### Exercise data
____

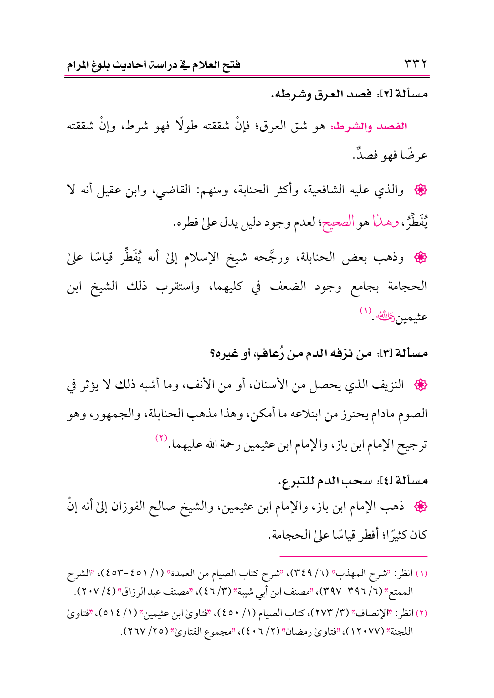 • النزيف الذي يحصل من الأسنان، أو من الأنف، وما أشبه ذلك لا يؤثر في الصوم مادام يحترز من ابتلاعه ما أمكن، وهذا مذهب الحنابلة، والجمهور، وهو ترجيح الإمام ابن باز، والإمام ابن عثيمين رحمة الله عليهما. (¬٢)
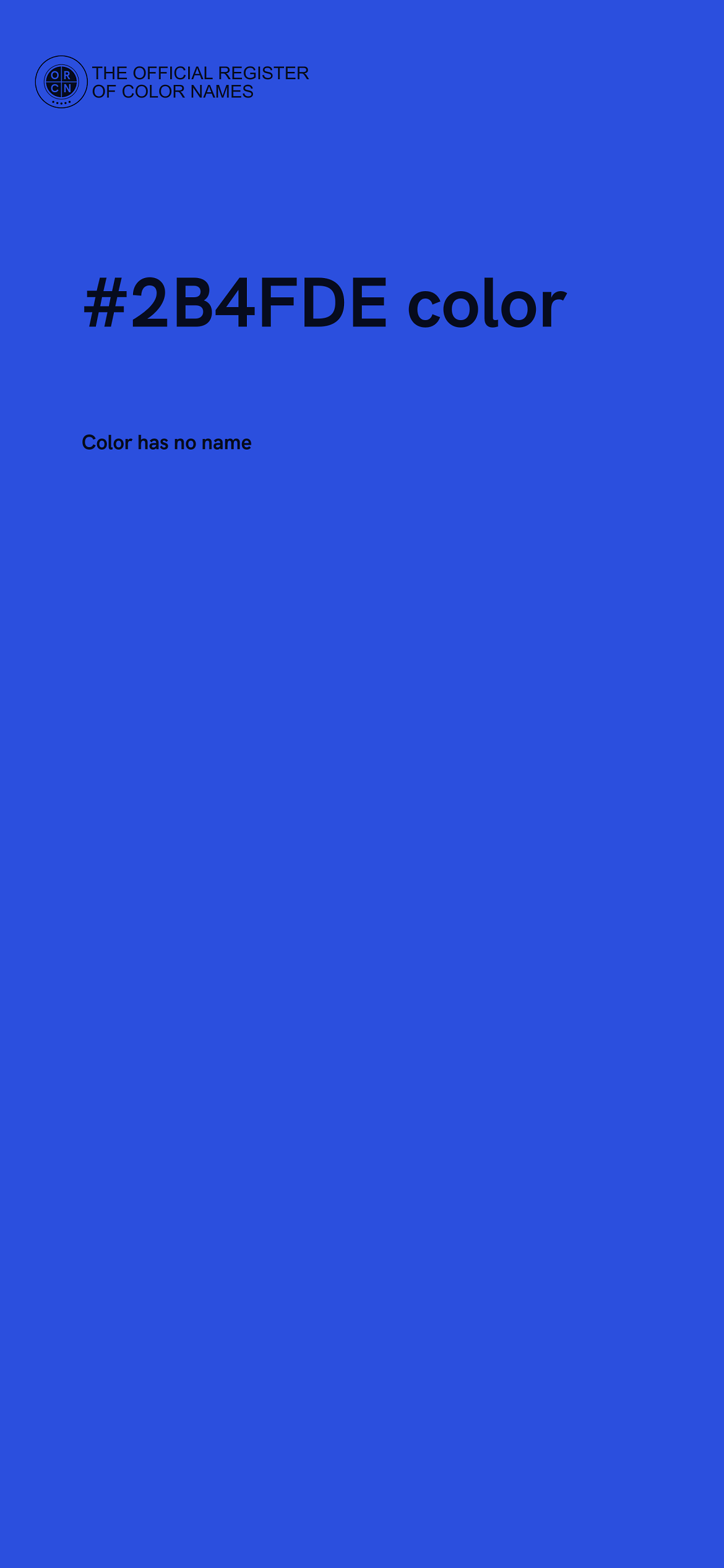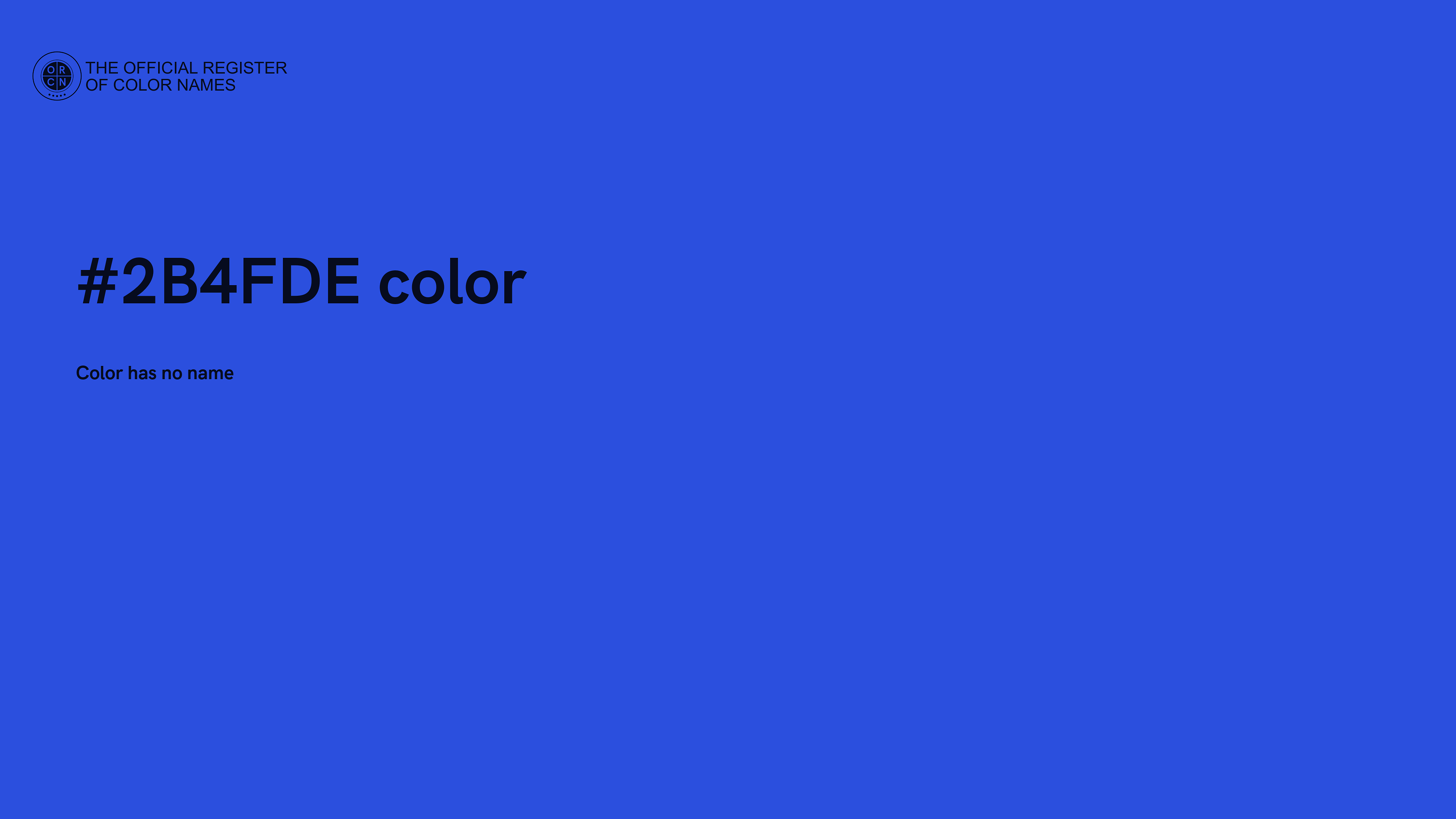The digital color HEX #2B4FDE belongs to the Blue Color Family featuring High Saturation (Saturation Family) and Light (Brightness Family).
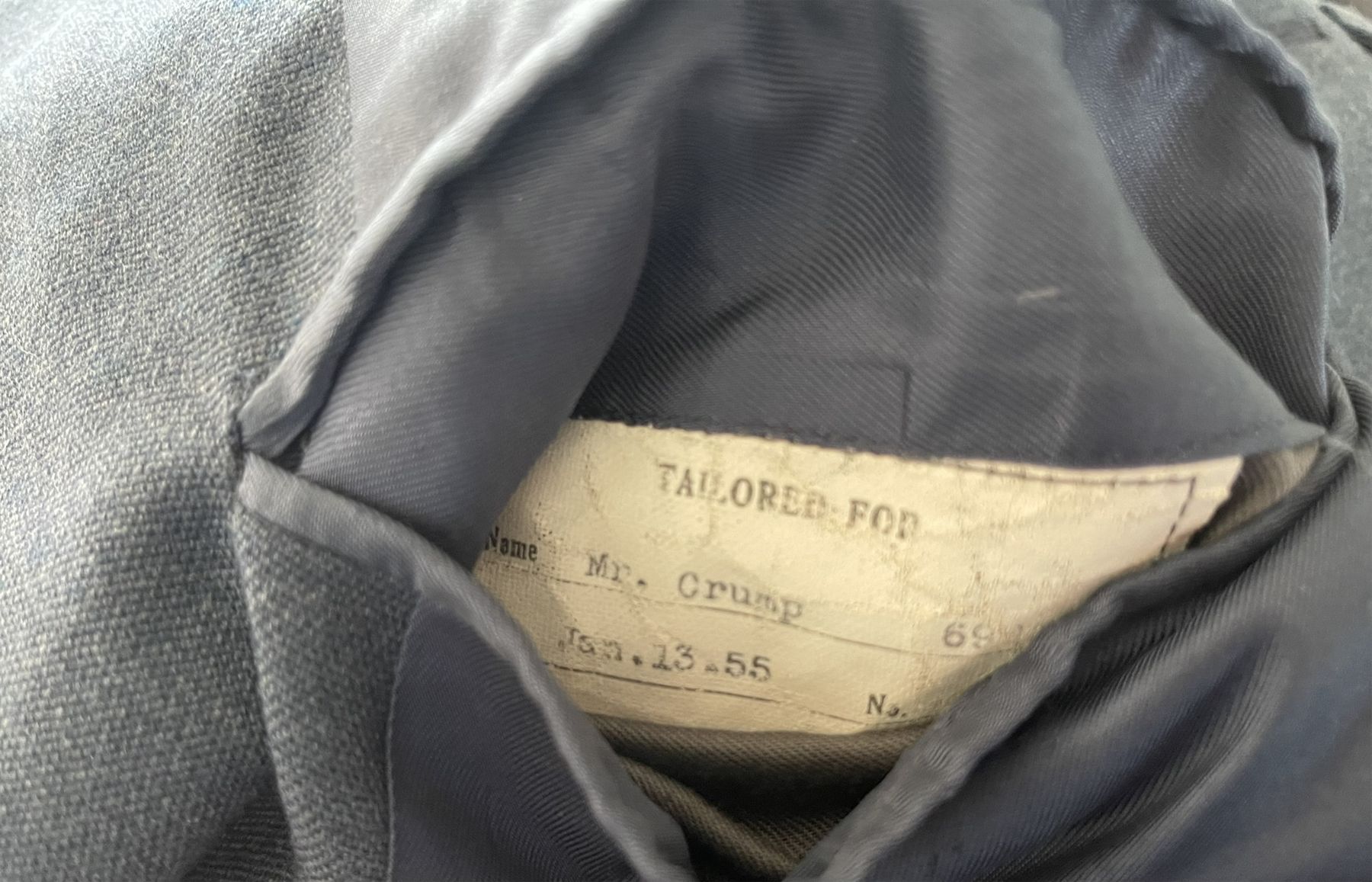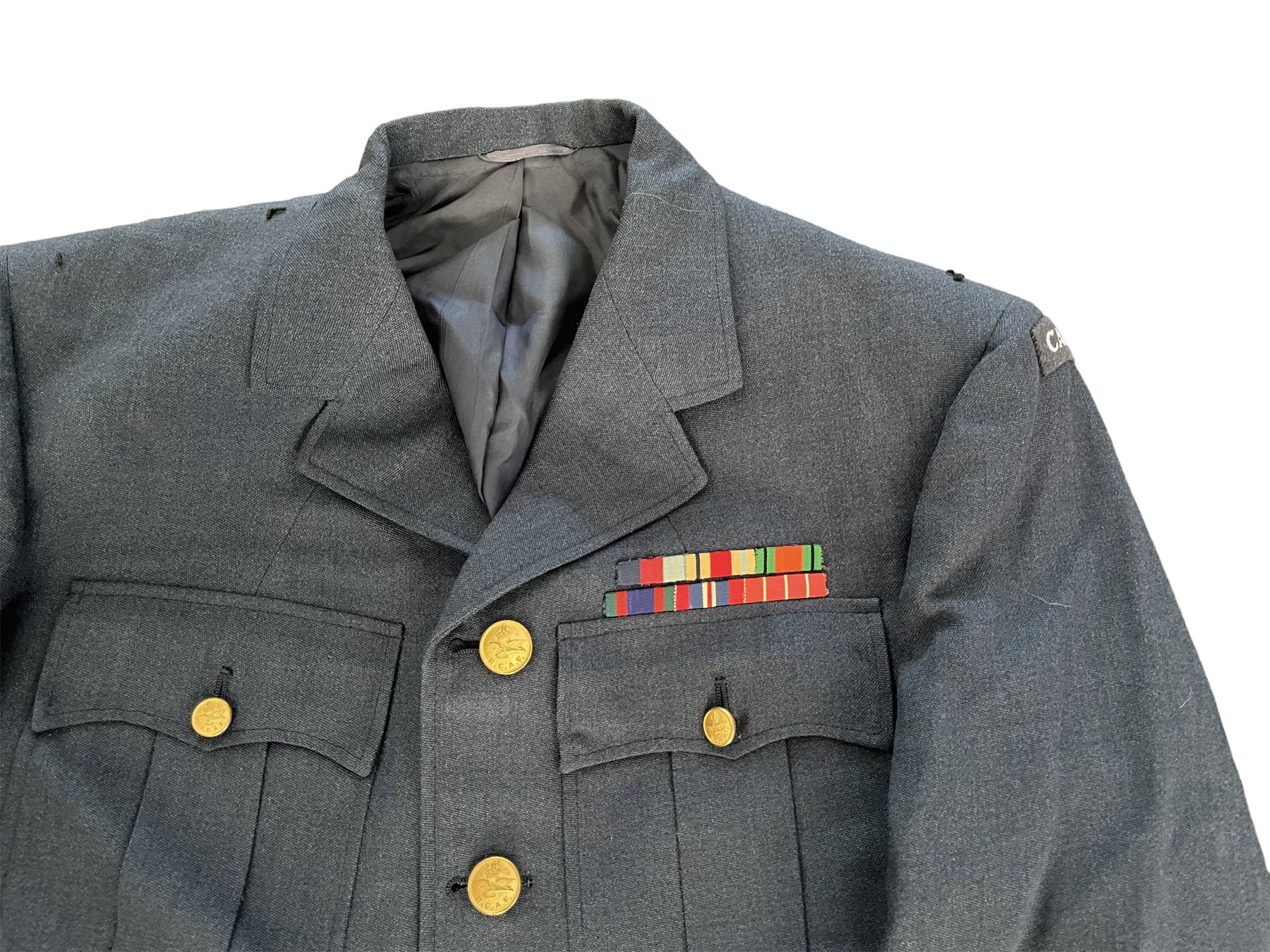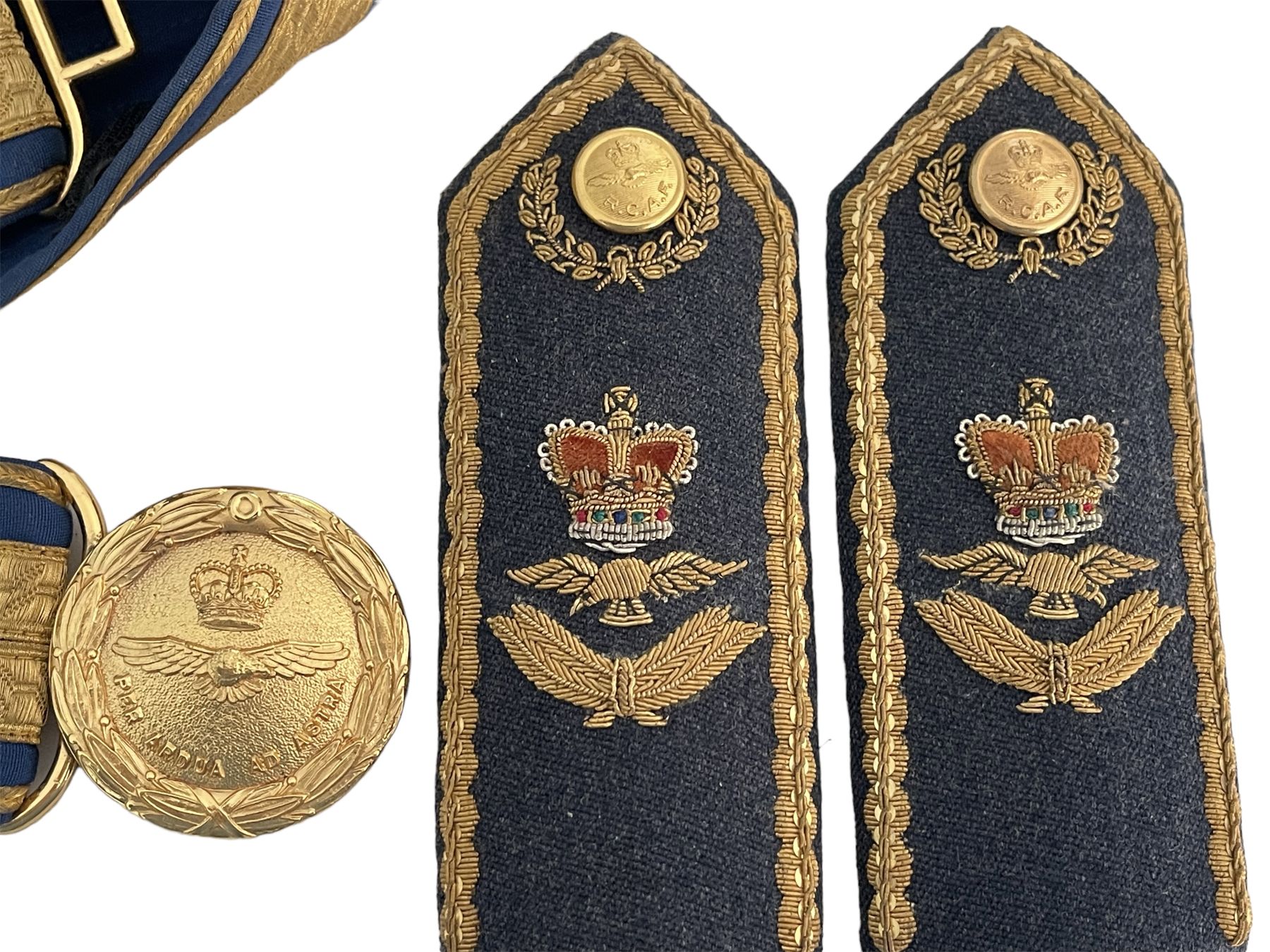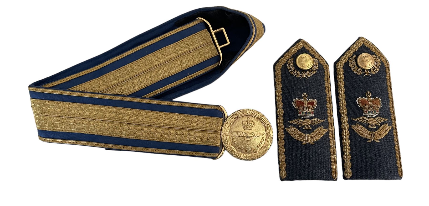 A great grouping pertaining to S/L TNH Crump. All post war. 1950's dated. Includes Battle Dress Tunic with pants, Service Dress Tunic with pants, Great Coat, and officers belt and rank epaulets. Ribbons on each tunic. 5 uniform pieces, belt and shoulder boards. All in very fine condition.
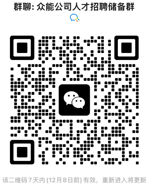 3.应聘人员均可扫下方二维码进众能公司人才招聘储备群,群内提供招聘相关的疑问解答。

____

### The task
Output the whole listing without change. Any picture is to be left out.

### Exercise result
 • النزيف الذي يحصل من الأسنان، أو من الأنف، وما أشبه ذلك لا يؤثر في الصوم مادام يحترز من ابتلاعه ما أمكن، وهذا مذهب الحنابلة، والجمهور، وهو ترجيح الإمام ابن باز، والإمام ابن عثيمين رحمة الله عليهما. (¬٢)
The digital color HEX #2B4FDE belongs to the Blue Color Family featuring High Saturation (Saturation Family) and Light (Brightness Family).
 A great grouping pertaining to S/L TNH Crump. All post war. 1950's dated. Includes Battle Dress Tunic with pants, Service Dress Tunic with pants, Great Coat, and officers belt and rank epaulets. Ribbons on each tunic. 5 uniform pieces, belt and shoulder boards. All in very fine condition.
 3.应聘人员均可扫下方二维码进众能公司人才招聘储备群,群内提供招聘相关的疑问解答。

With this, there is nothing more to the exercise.